#### [Your assignment]
Using only the entries below, output the lines starting at the one containing "さらに写真のコメントを西暦、場所などを書き添えると分かりやすいでしょう。" and ending at the one containing "Ontto Guscio Cover", exactly and inclusive of both, omitting the pictures.

#### [Dataset records]
________________

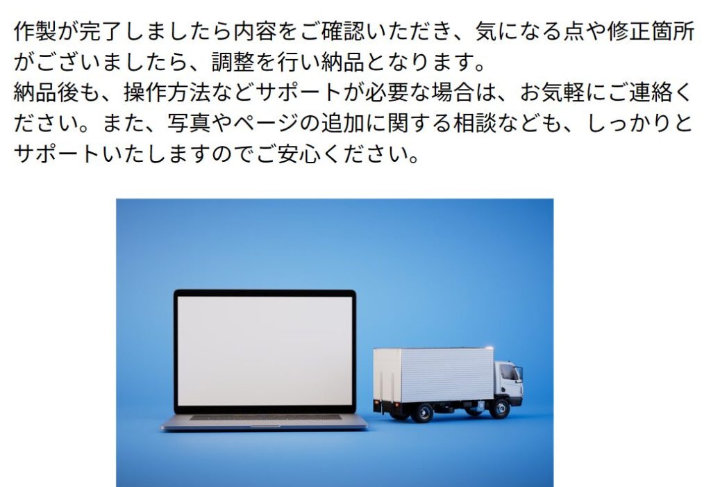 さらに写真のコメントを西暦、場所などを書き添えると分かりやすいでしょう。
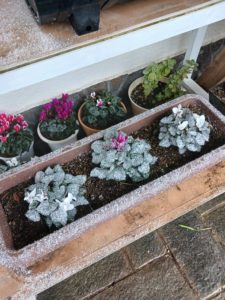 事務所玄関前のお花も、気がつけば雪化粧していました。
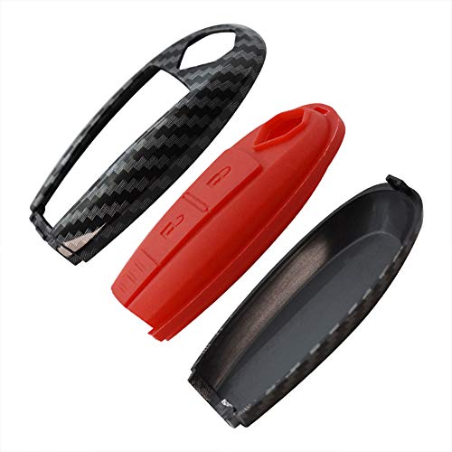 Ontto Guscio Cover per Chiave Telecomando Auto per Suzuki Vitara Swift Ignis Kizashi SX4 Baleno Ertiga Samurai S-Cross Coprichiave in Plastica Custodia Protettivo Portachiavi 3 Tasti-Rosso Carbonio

________________

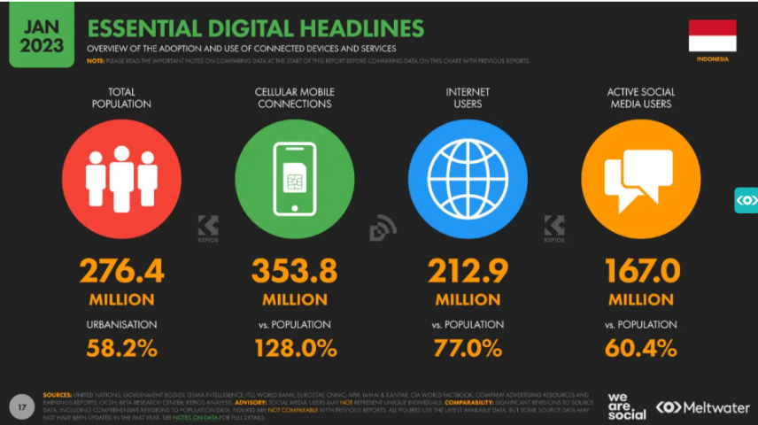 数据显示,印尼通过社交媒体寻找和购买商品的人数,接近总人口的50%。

________________

#### [Answer to this problem]
 さらに写真のコメントを西暦、場所などを書き添えると分かりやすいでしょう。
 事務所玄関前のお花も、気がつけば雪化粧していました。
 Ontto Guscio Cover per Chiave Telecomando Auto per Suzuki Vitara Swift Ignis Kizashi SX4 Baleno Ertiga Samurai S-Cross Coprichiave in Plastica Custodia Protettivo Portachiavi 3 Tasti-Rosso Carbonio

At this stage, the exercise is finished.